WORK INSTRUCTION
From the data below, repeat everything exactly except the images.

DATASET EXTRACT
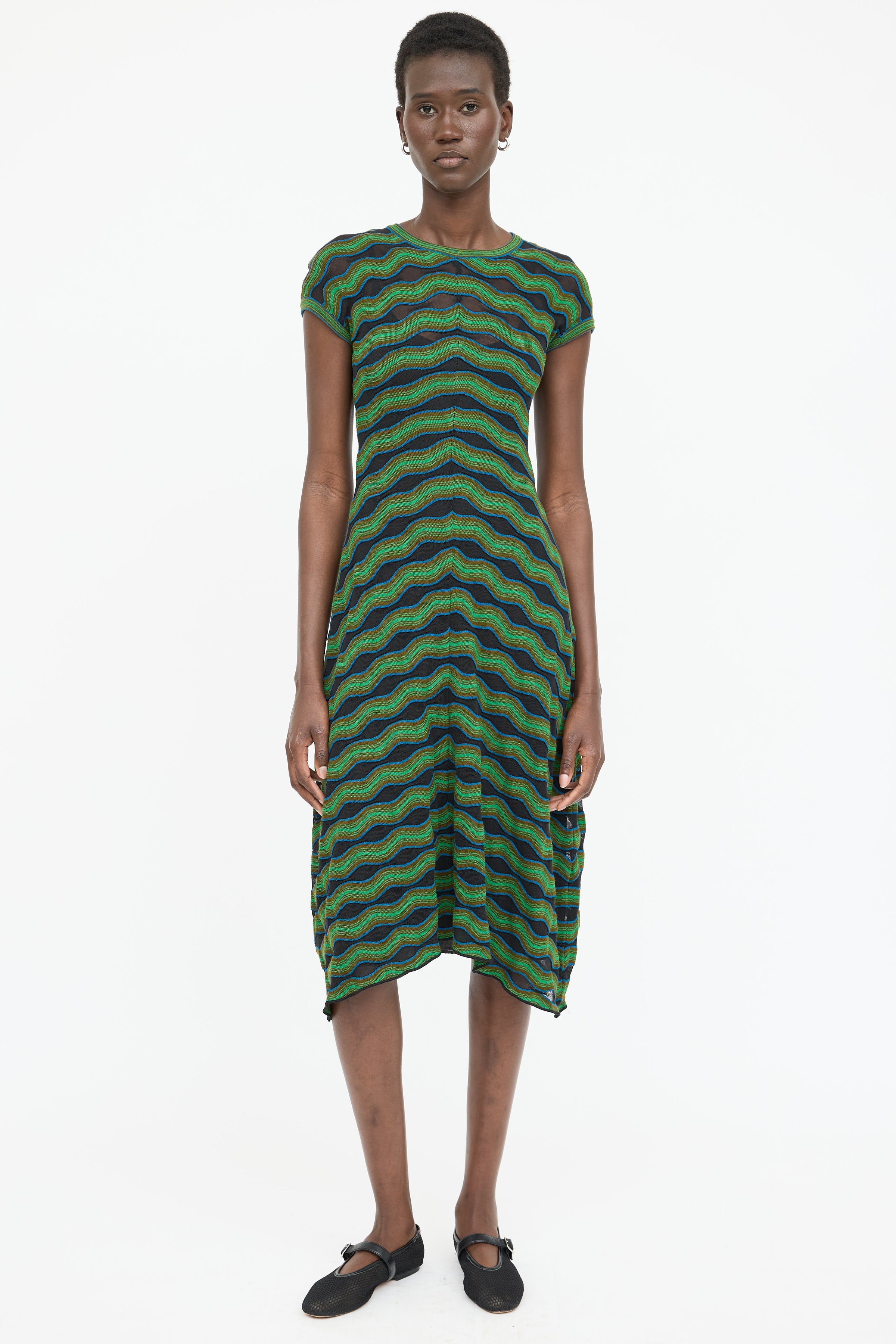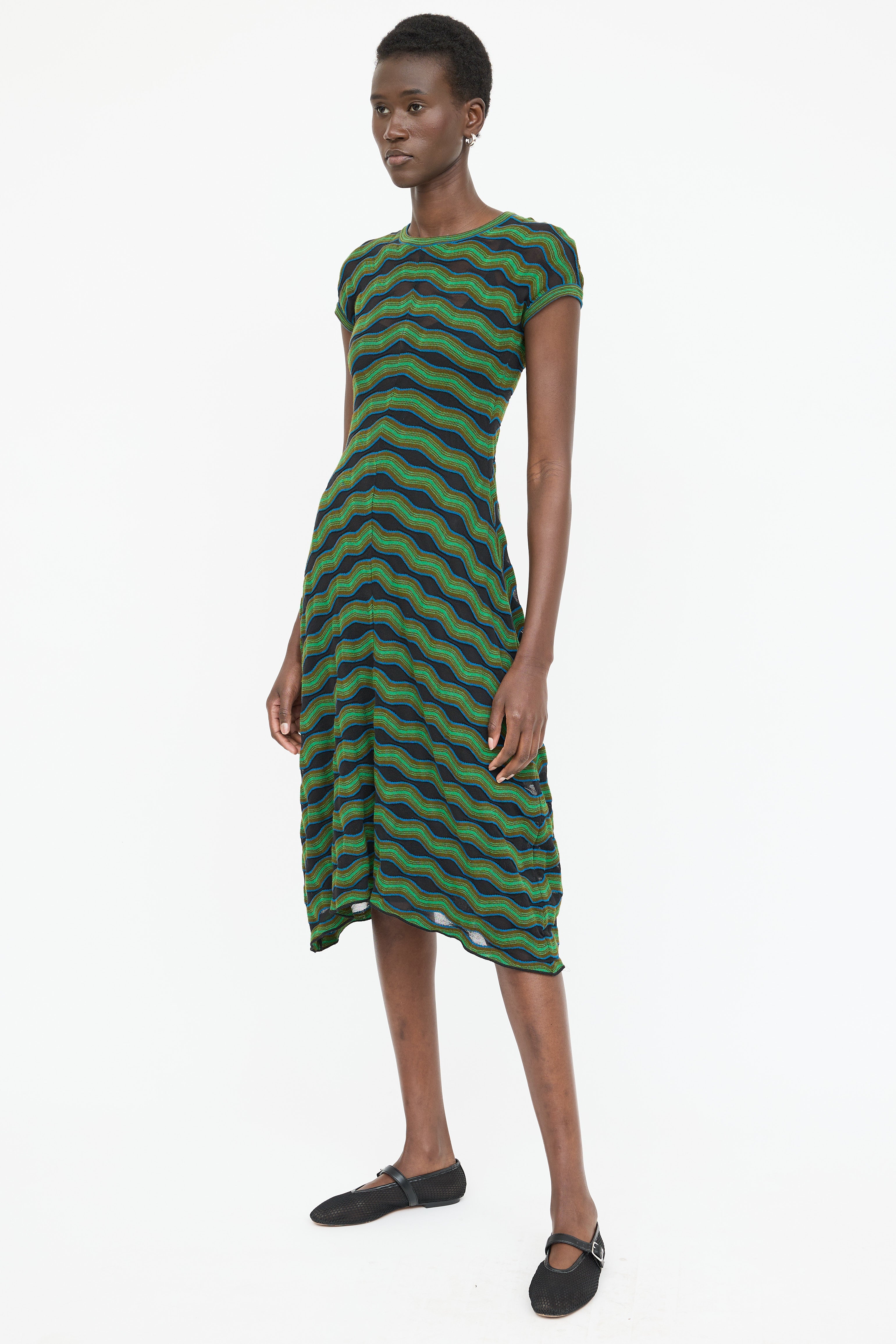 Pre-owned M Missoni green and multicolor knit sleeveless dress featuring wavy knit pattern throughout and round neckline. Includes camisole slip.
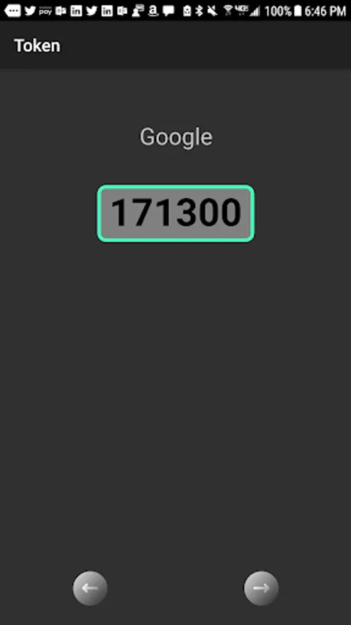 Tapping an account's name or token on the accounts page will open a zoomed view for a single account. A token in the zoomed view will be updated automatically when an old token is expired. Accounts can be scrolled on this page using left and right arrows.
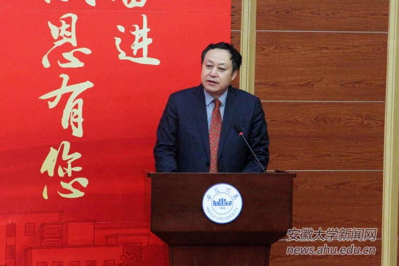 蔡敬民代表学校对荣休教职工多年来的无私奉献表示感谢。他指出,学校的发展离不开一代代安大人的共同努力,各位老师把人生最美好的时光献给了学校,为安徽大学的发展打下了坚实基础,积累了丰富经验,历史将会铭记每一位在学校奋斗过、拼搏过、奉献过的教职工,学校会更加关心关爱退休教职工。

ANSWER SECTION
 Pre-owned M Missoni green and multicolor knit sleeveless dress featuring wavy knit pattern throughout and round neckline. Includes camisole slip.
 Tapping an account's name or token on the accounts page will open a zoomed view for a single account. A token in the zoomed view will be updated automatically when an old token is expired. Accounts can be scrolled on this page using left and right arrows.
 蔡敬民代表学校对荣休教职工多年来的无私奉献表示感谢。他指出,学校的发展离不开一代代安大人的共同努力,各位老师把人生最美好的时光献给了学校,为安徽大学的发展打下了坚实基础,积累了丰富经验,历史将会铭记每一位在学校奋斗过、拼搏过、奉献过的教职工,学校会更加关心关爱退休教职工。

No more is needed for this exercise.